Он сгрёб шарики с флажками.

– Демонстрация! – потом он завопил. – Быстрей! Нам нужен флаг… Возьми тот шарик с жёлтой буквой!.. Поскорей! Вон те дай папе с мамой. Брежнев говорил! Сказал, ты знаешь, что? – Брат из коляски, тужась, гаркнул: – Здравствуйте, советский человек! Во благо всех трудящихся! Май, праздник! Налицо рост производства, экстенсивность, интенсивность! Миру мир! Народам слава! БАМ! Октябрь! Труд, коммунизм! Гагарин полетел! Наш человек всем людям брат, товарищ! Экономика должна быть экономной! Всем учиться! Строить Байконур, Магнитку, Братск и ГЭС! Фидель! Сияет ленинизм! Марксизм! Мы с партией! Под знаменем вперёд!!
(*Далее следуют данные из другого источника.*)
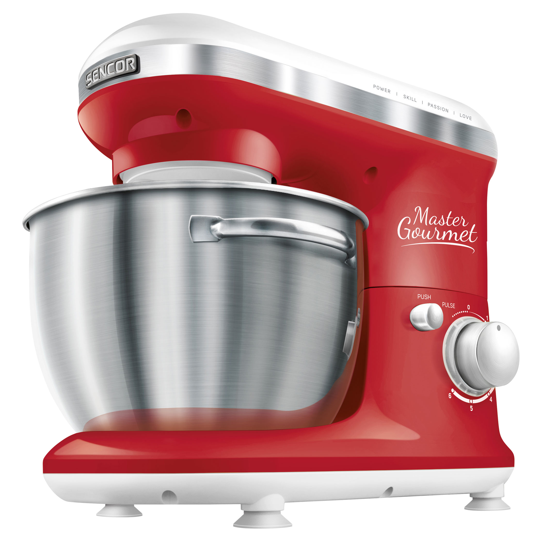 4 подвижни приставки: бъркалка за тесто (за по-тежко тесто с мая), А-образни бъркалки (за сметана и леко тесто без мая), голяма бъркалка (за сметана, белтъци, и др.), протектор

Я угодил на митинг эры Брежнева; был праздник; похотный юнец, я жаждал радостей, любви; лип ко студенткам и пристал к одной… вот площадь, на трибунах власти края… у бордюра я узрел родителей и Родю на коляске, к празднику приехавших из гарнизона, из в/ч. Для них приезд и ожидание был подвиг: три часа ждать в толпах… Наш отряд их проходил, и брат меня позвал; он был в трёх метрах, – я его проигнорировал, чтоб не мараться родственностью с монстром перед девушкой.

Здесь, тридцать лет спустя, я каюсь:

– Я вас видел там, в то время; но был болен… – Думаю, он вряд ли понимал меня; открыться же мне было нужно: мне – для себя открыться. – Чувствовал и видел я тогда, брат, мало. Я не так любил, не то любил. Ты звал, я помню, – я же, слушая, не слышал; видя, я не видел.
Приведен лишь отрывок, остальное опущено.